Data below START

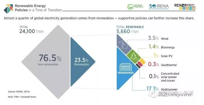 根据国际可再生能源署(IRENA)的数据,2017年全球发电量24万亿千瓦时,其中23.5%来自可再生能源电源(5.66万亿千瓦时)。
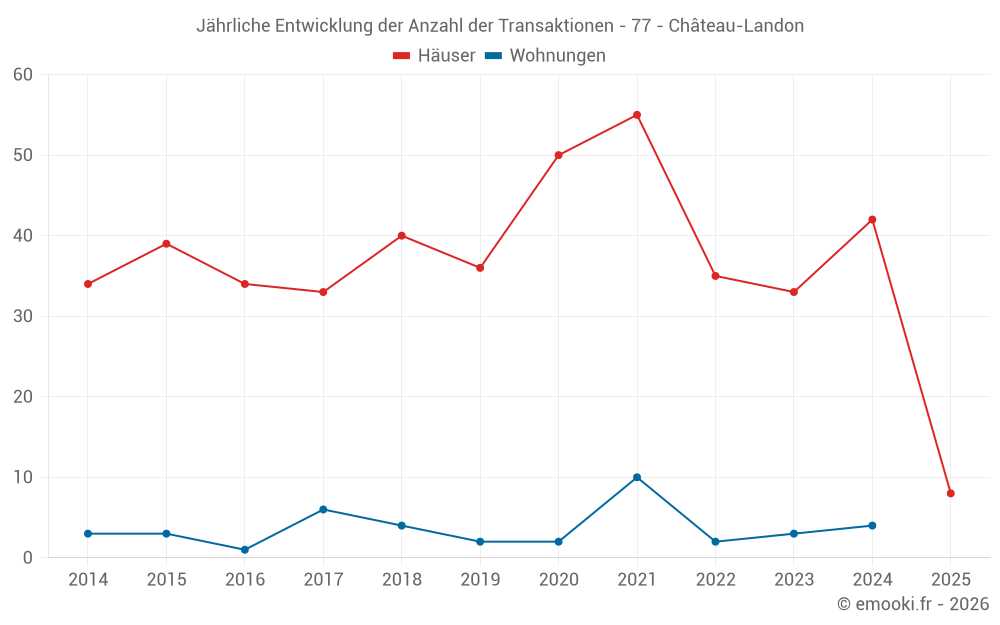 Der Durchschnittspreis auf den 31 Hausgeschäften der letzten 12 Monate in der Gemeinde Château-Landon betrug 1 633 € pro Quadratmeter für einen mittleren Immobilienwert von 160 000 €. Über diesen Zeitraum hinweg lagen 60% der Transaktionen zwischen 1 190 und 2 479 € pro Quadratmeter (vom 2. bis zum 8. Dezil).
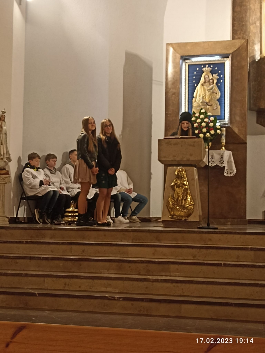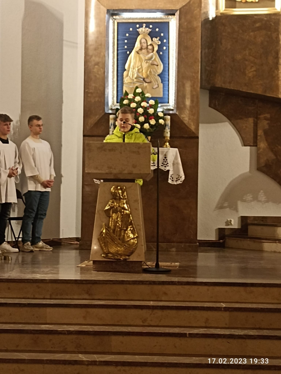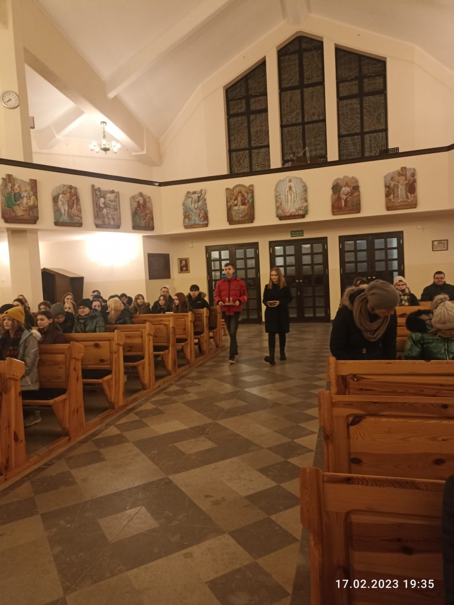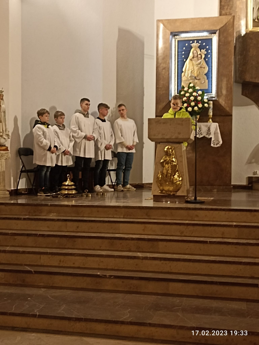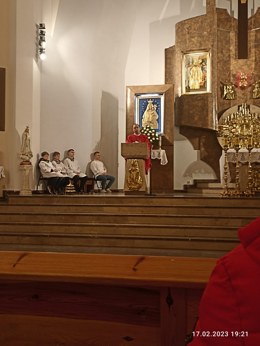 W piątek 17 lutego o godz. 19, w naszym Kościele parafialnym sprawowana była Eucharystia Młodych, na której zgromadziła się młodzież nie tylko z naszej parafii, ale także z całego dekanatu. Pan Jezus zgromadził przy stole Słowa Bożego i stole Eucharystycznym ok. 100 młodych serc. Na samym początku ks. Prałat Stanisław Płaszczyk serdecznie pozdrowił zgromadzoną w Kościele młodzież, ucieszył się ich obecnością oraz przedstawił krótką historię naszego Kościoła.

Data below END

Only the text of the listing above is wanted, transcribed exactly, without its images.

**Response area:**
 根据国际可再生能源署(IRENA)的数据,2017年全球发电量24万亿千瓦时,其中23.5%来自可再生能源电源(5.66万亿千瓦时)。
 Der Durchschnittspreis auf den 31 Hausgeschäften der letzten 12 Monate in der Gemeinde Château-Landon betrug 1 633 € pro Quadratmeter für einen mittleren Immobilienwert von 160 000 €. Über diesen Zeitraum hinweg lagen 60% der Transaktionen zwischen 1 190 und 2 479 € pro Quadratmeter (vom 2. bis zum 8. Dezil).
 W piątek 17 lutego o godz. 19, w naszym Kościele parafialnym sprawowana była Eucharystia Młodych, na której zgromadziła się młodzież nie tylko z naszej parafii, ale także z całego dekanatu. Pan Jezus zgromadził przy stole Słowa Bożego i stole Eucharystycznym ok. 100 młodych serc. Na samym początku ks. Prałat Stanisław Płaszczyk serdecznie pozdrowił zgromadzoną w Kościele młodzież, ucieszył się ich obecnością oraz przedstawił krótką historię naszego Kościoła.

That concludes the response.